[Stored items from a collection]
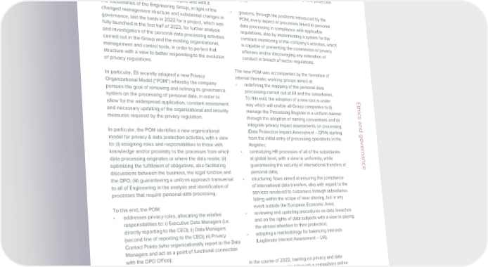 ESG / Sustainability Report / 2022 ESG / Sustainability Report / 2022 In the Supplier Register (PAGE) enrollment phase, 100% of • guarantees the progressive implementation of a suppliers are required to view them and be familiar with The new Privacy Organizational Model structured and organic system of procedures and their terms. (POM) control activities (ex ante and ex post) aimed at preventing as well as overseeing any data protection Engineering takes all necessary measures to combat and in October 2022. In the anti-corruption compliance risks; prevent corruption, prohibiting any action that may promote improvement program, the prevention policy was extended Engineering Ingegneria Informatica S.p.A. and with it or favor interests and advantages by third parties, or harm to all Italian and foreign companies. the subsidiaries of the Engineering Group, in light of the • governs, through the positions introduced by the impartiality and autonomy of judgment. changed management structure and substantial changes in POM, every aspect of processes linked to personal In compliance with the standard, in 2019 the “Anti-governance, laid the basis in 2022 for a project, which was data processing in compliance with applicable In 2019, the Parent Company earned, and subsequently Corruption Compliance Function” was established, which fully launched in the first half of 2023, for further analysis regulations, also by implementing a system for the renewed in 2022, the certification of its Anti-Bribery reports directly to the Chief Executive Officer and in the and investigation of the personal data processing activities constant monitoring of the company’s activities, which Management System according to the ISO 37001 course of 2020 was also extended to Municipia. carried out in the Group and the existing organizational, is capable of preventing the commission of privacy international standard, issued by the certification body DNV To spread the tools adopted for preventing and fighting management and control tools, in order to perfect that offenses and/or discouraging any reiteration of – Italia. This standard is applicable to any type of public or against corruption, the company dedicates specific training structure with a view to better responding to the evolution conduct in breach of sector regulations. private organization and describes the requirements for sessions to its employees which address topics such as of privacy regulations. implementing a management system aimed at preventing the Organization and Management Model adopted by The new POM was accompanied by the formation of corruption, oriented towards continuous improvement and Engineering in compliance with Italian Legislative Decree In particular, EII recently adopted a new Privacy internal thematic working groups aimed at: the adoption of measures to discourage the risk of offenses 231/2001 and in general the company’s anti-corruption Organizational Model (“POM”) whereby the company • redefining the mapping of the personal data in a reasonable manner proportional to the business approach: in 2022, the “Anti-corruption course” was taken pursues the goal of renewing and refining its governance processing carried out at EII and the subsidiaries. segment, size and complexity of the organization. The in Web Based Training (WBT) mode by 3,169 employees system on the processing of personal data, in order to To this end, the adoption of a new tool is under Ethics and governance system is not meant to overlap with the tools established belonging to the Group’s Italian companies. allow for the widespread application, constant assessment way which will enable all Group companies to (i) by law (corruption prevention plans pursuant to Law 190 or and necessary updating of the organizational and security manage the Processing Register in a uniform manner Organization Models pursuant to Italian Legislative Decree measures required by the privacy regulation. through the adoption of naming conventions and (ii) 231), but only to best coordinate the overall system in order Data privacy and cybersecurity integrate privacy impact assessments on processing to effectively prevent corruption in a manner integrated In particular, the POM identifies a new organizational (Data Protection Impact Assessment – DPIA) starting with other company management systems. model for privacy & data protection activities, with a view from the initial entry of processing operations in the Privacy: a continuously evolving regulationto: (i) assigning roles and responsibilities to those with Register; In 2021, the subsidiary Municipia obtained the certification, The European General Data Protection Regulation (GDPR) knowledge and/or proximity to the processes from which • centralizing HR processes of all of the subsidiaries while the subsidiary D.HUB earned the certification became effective in May 2018 and contains a complex set data processing originates or where the data reside; (ii) at global level, with a view to uniformity, while Ethics and governanceof rules on the protection of the data of natural persons. optimizing the fulfillment of obligations, also facilitating guaranteeing the security of international transfers of Subsequent to the adoption of the GDPR, the regulator, discussions between the business, the legal function and personal data; the European Data Protection Board (European Board that the DPO; (iii) guaranteeing a uniform approach transversal • structuring flows aimed at ensuring the compliance brings together representatives of the Privacy Authorities to all of Engineering in the analysis and identification of of international data transfers, also with regard to the of the Member States) and the Supervisory Authorities processes that require personal data processing. services rendered to customers through subsidiaries took action multiple times, expressing opinions and issuing falling within the scope of near shoring, but in any
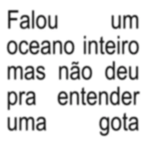 Um texto em preto sobre fundo branco, 'Falou um oceano inteiro mas não deu pra entender uma gota'.
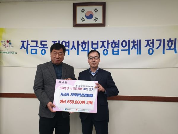전정일 자금동장은 “지역사회보장협의체 위원님들의 적극적인 활동과 기부에 감사드린다”며 “기탁된 성금은 소중한 뜻에 따라 관내 취약계층을 위해 사용하겠다”고 말했다.
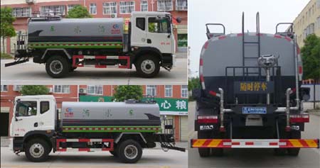 1、該車安裝罐體, 管道系統(tǒng), 操作系統(tǒng), 灑水泵, 取力器, 通過傳動軸帶動水泵完成灑水工作; 2.罐體有效容積:9.34立方米, 僅選用3950mm、4500mm及4700mm軸距底盤改裝。整車長度(mm)/軸距(mm)/后懸(mm)/離去角(°)/罐體外形尺寸(長×長軸×短軸)(mm)/整備質(zhì)量(kg)/額定載質(zhì)量(kg)的對應(yīng)關(guān)系為(mm): 7630/3950/2450/12/4300×2150×1480/6505/9300, 8180/4500/2450/12/4800×2150×1330/6905/8900, 8580/4700/2650/11/5200×2150×1230/6905/8900。 3.側(cè)防護及后下部防護裝置均采用Q235B材質(zhì), 均采用螺栓連接, 后下部防護尺寸:150×50(mm), 離地面高度450mm。4. ABS系統(tǒng)生產(chǎn)廠家, 型號 :焦作博瑞克控制技術(shù)有限公司, J ABS。安裝具有衛(wèi)星定位功能的行駛記錄儀。5.可選新款外觀。6.YC4EG170-50發(fā)動機最大凈功率:122(KW), YC4EG185-50發(fā)動機最大凈功率:131(KW), ISB210 50發(fā)動機最大凈功率:149(KW), ISD160 50發(fā)動機最大凈功率:113(KW), ISB180 50發(fā)動機最大凈功率:128(KW), YC4S160-50發(fā)動機最大凈功率:113(KW)
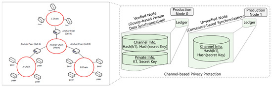 Multi-level blockchains and multi-channel mapping can solve the above information-sharing problem. A node—whether a single device or multiple devices collectively accessing and submitting information—can join a channel. The shared ledger information is confined to that channel. This approach improves privacy by isolating information within the channel and ensures that each node only retains relevant data, enhancing storage efficiency and network communication and ultimately improving the blockchain’s performance. Additionally, in certain cases, terminals may need to access data across different chains. For example, terminals producing B products may need detailed information about the composition of a raw material (the A product), and at this time, cross-chain inquiry may be required. Multi-level blockchain mapping supports cross-chain queries and access control.
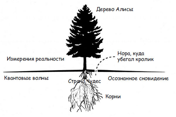 Основа материи в физике – так называемое квантовое волновое уравнение – подобно корням дерева в сказке об Алисе. На поверхности земли вы можете видеть дерево, порождаемое корнями, но не сами корни. Большинство из нас, подобно подруге Алисы, не решаются переживать Страну Чудес квантовых состояний, подземные корни реальности. Она просто менее привычна, чем обыденная реальность. Физики не склонны говорить об этих огромных корнях что-либо определенное и вместо этого сосредоточиваются на экспериментах в обыденной реальности, которые можно видеть и подтверждать доказательствами. Следующий рисунок резюмирует два вида реальности, описанные в сказке о Стране Чудес.
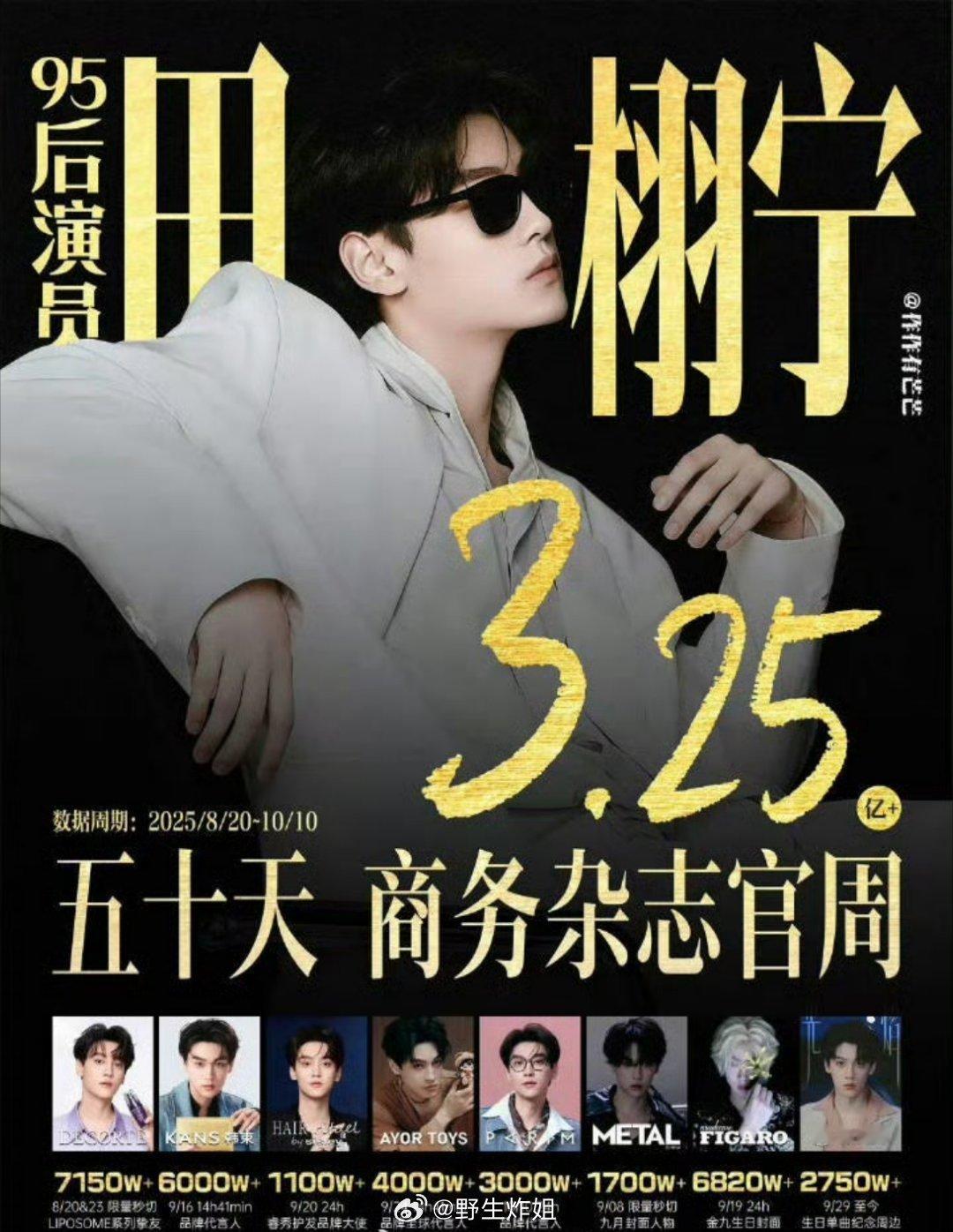 有网友汇总了王鹤棣VS田栩宁的商务汇总实绩,两位都是流量小生,但貌似方向不太同啊
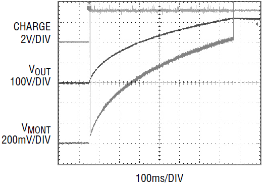 Figure 7 shows the measured output of VMONT. Because of the high speed nature of the circuit and the high dV/dt of the switch pin, there is a small amount of ripple on the VMONT output, which can be reduced by adding a 0.1µF capacitor to the output or by using the ADC to sample the VMONT output multiple times and taking the average.
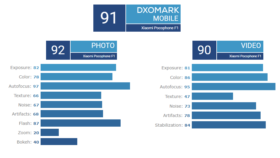 To break it down, the Pocophone F1 scored 92 for photos and 90 for the video category. According to DxOMark, the F1 delivers respectable performance but it lands outside of their top 20 list. They commended the device’s excellent autofocus performance, nice flash pictures and pleasant colours in their test conditions.
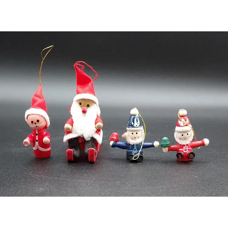Set Of 4 Vintage Wooden Santa Ornaments
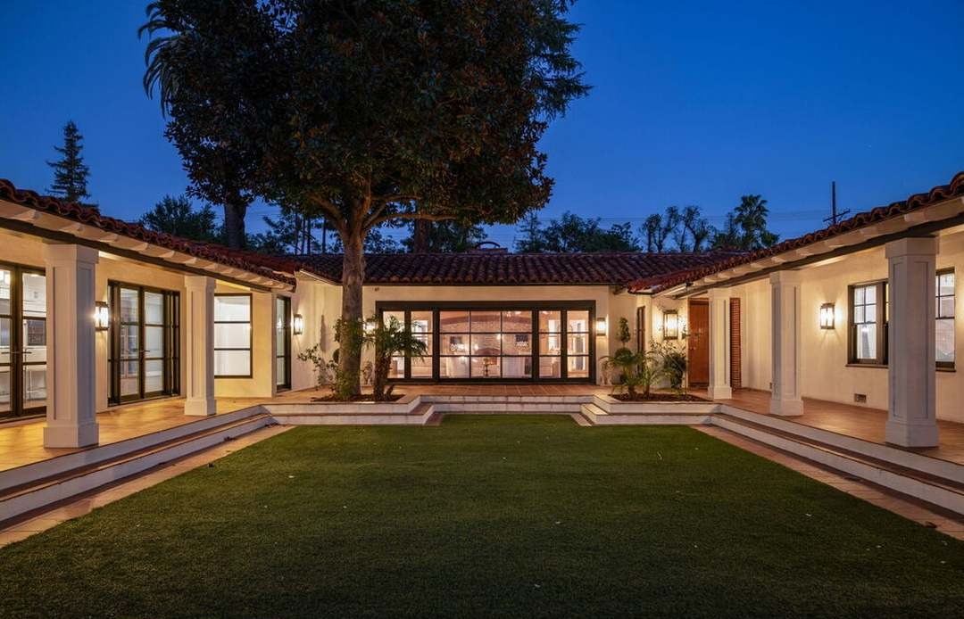This stunning Spanish Colonial courtyard patio features a symmetrical, colonnaded design with cream stucco walls, terracotta tile roof, and lush mature trees creating a serene Mediterranean escape. The space showcases exceptional architectural detailing with arched openings, crown molding, and professional lighting, exemplifying classic California estate elegance with perfect integration of indoor-outdoor living.
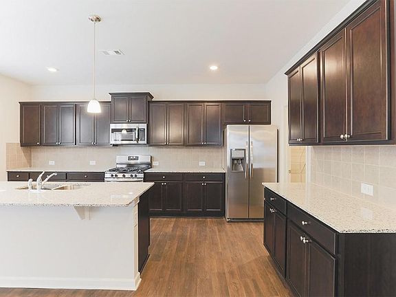 - Kitchen Features: Breakfast Bar, Eat-in Kitchen, View to Family Room, Stone Counters, Kitchen Island, Pantry Walk-In, Cabinets Other
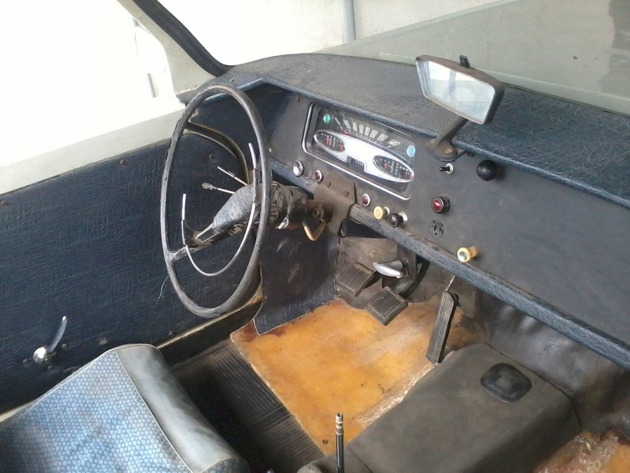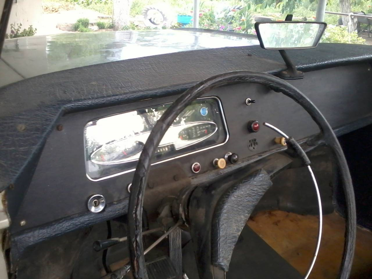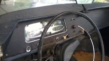 Рамка лобового стекла вместе со стеклом явно позаимствована от «Москвича». Крыши предусмотрено не было. Вероятно, её просто не успели сделать. Передняя панель самодельная, но «приборку» и рулевое колесо взяли от «Москвича».
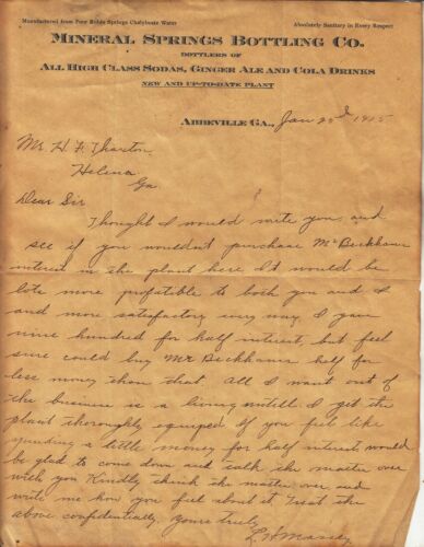 Title (ebay affiliate link): MINERAL SPRINGS BOTTLING CO. LETTERHEAD DATED Jan. 25, 1915 105 YEARS OLD

WHAT TO PRODUCE
Give again the stretch of lines above from the one with "Um texto em" through the one with "Multi-level blockchains and", both ends kept, and copy no pictures.

TASK RESULT
 Um texto em preto sobre fundo branco, 'Falou um oceano inteiro mas não deu pra entender uma gota'.
전정일 자금동장은 “지역사회보장협의체 위원님들의 적극적인 활동과 기부에 감사드린다”며 “기탁된 성금은 소중한 뜻에 따라 관내 취약계층을 위해 사용하겠다”고 말했다.
 1、該車安裝罐體, 管道系統(tǒng), 操作系統(tǒng), 灑水泵, 取力器, 通過傳動軸帶動水泵完成灑水工作; 2.罐體有效容積:9.34立方米, 僅選用3950mm、4500mm及4700mm軸距底盤改裝。整車長度(mm)/軸距(mm)/后懸(mm)/離去角(°)/罐體外形尺寸(長×長軸×短軸)(mm)/整備質(zhì)量(kg)/額定載質(zhì)量(kg)的對應(yīng)關(guān)系為(mm): 7630/3950/2450/12/4300×2150×1480/6505/9300, 8180/4500/2450/12/4800×2150×1330/6905/8900, 8580/4700/2650/11/5200×2150×1230/6905/8900。 3.側(cè)防護及后下部防護裝置均采用Q235B材質(zhì), 均采用螺栓連接, 后下部防護尺寸:150×50(mm), 離地面高度450mm。4. ABS系統(tǒng)生產(chǎn)廠家, 型號 :焦作博瑞克控制技術(shù)有限公司, J ABS。安裝具有衛(wèi)星定位功能的行駛記錄儀。5.可選新款外觀。6.YC4EG170-50發(fā)動機最大凈功率:122(KW), YC4EG185-50發(fā)動機最大凈功率:131(KW), ISB210 50發(fā)動機最大凈功率:149(KW), ISD160 50發(fā)動機最大凈功率:113(KW), ISB180 50發(fā)動機最大凈功率:128(KW), YC4S160-50發(fā)動機最大凈功率:113(KW)
 Multi-level blockchains and multi-channel mapping can solve the above information-sharing problem. A node—whether a single device or multiple devices collectively accessing and submitting information—can join a channel. The shared ledger information is confined to that channel. This approach improves privacy by isolating information within the channel and ensures that each node only retains relevant data, enhancing storage efficiency and network communication and ultimately improving the blockchain’s performance. Additionally, in certain cases, terminals may need to access data across different chains. For example, terminals producing B products may need detailed information about the composition of a raw material (the A product), and at this time, cross-chain inquiry may be required. Multi-level blockchain mapping supports cross-chain queries and access control.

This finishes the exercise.